# ‘57 Corvette info needed



## Cranky Chain Cycles (Feb 4, 2019)

I’ve been eyeballing this ‘57 for a few weeks. The seller is 3 hours away so I’m reluctant to roll the dice yet. The seller claims the rear wheel should clean up but I’m not so sure. The seat needs a new cover. Chain replacement. Is there anything I’m missing? Are any of these parts salvageable? From what I’ve read the paint should come back with some effort. 











Sent from my iPad using Tapatalk


----------



## phantom (Feb 4, 2019)

Just missing the price .


----------



## Cranky Chain Cycles (Feb 4, 2019)

phantom said:


> Just missing the price .




Seller wants $200 but isn’t firm. I estimate $150 for a replacement rim, chain and seat cover. Another $125-150 for NOS whitewalls and decals. The seller gave the paint a score of 5 out of 10. 
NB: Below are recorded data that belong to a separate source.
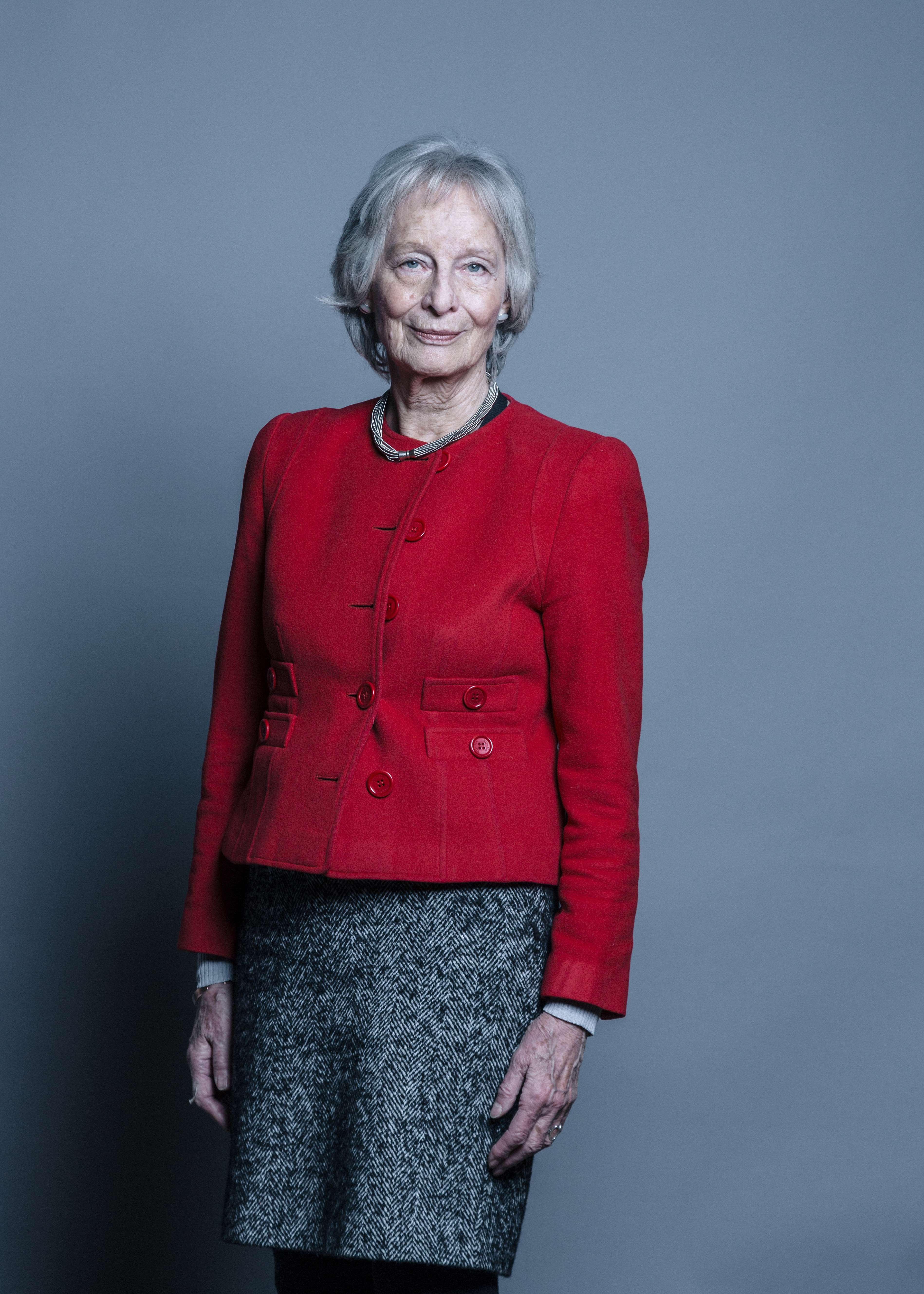 Official portrait of Baroness Whitaker
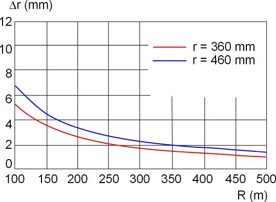 The figure shows the difference in radii depending from the curvature by which the wheel set moves without slip through the curve
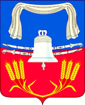 Coat of arms of Novoivanovskaya, Krasnodar Krai, Russia

Sent from my iPhone using Tapatalk


----------



## KevinBrick (Feb 4, 2019)

Nice bike! I would say it would be worth $200.. Not so sure I would recover the seat.. Decals look decent.. looks like a good project.. most of that rust would come off of that rear wheel.. good rider..


----------



## Sven (Feb 6, 2019)

_* 6 hours round trip...GO FOR IT.
You never know what else you might find on the way.*_


----------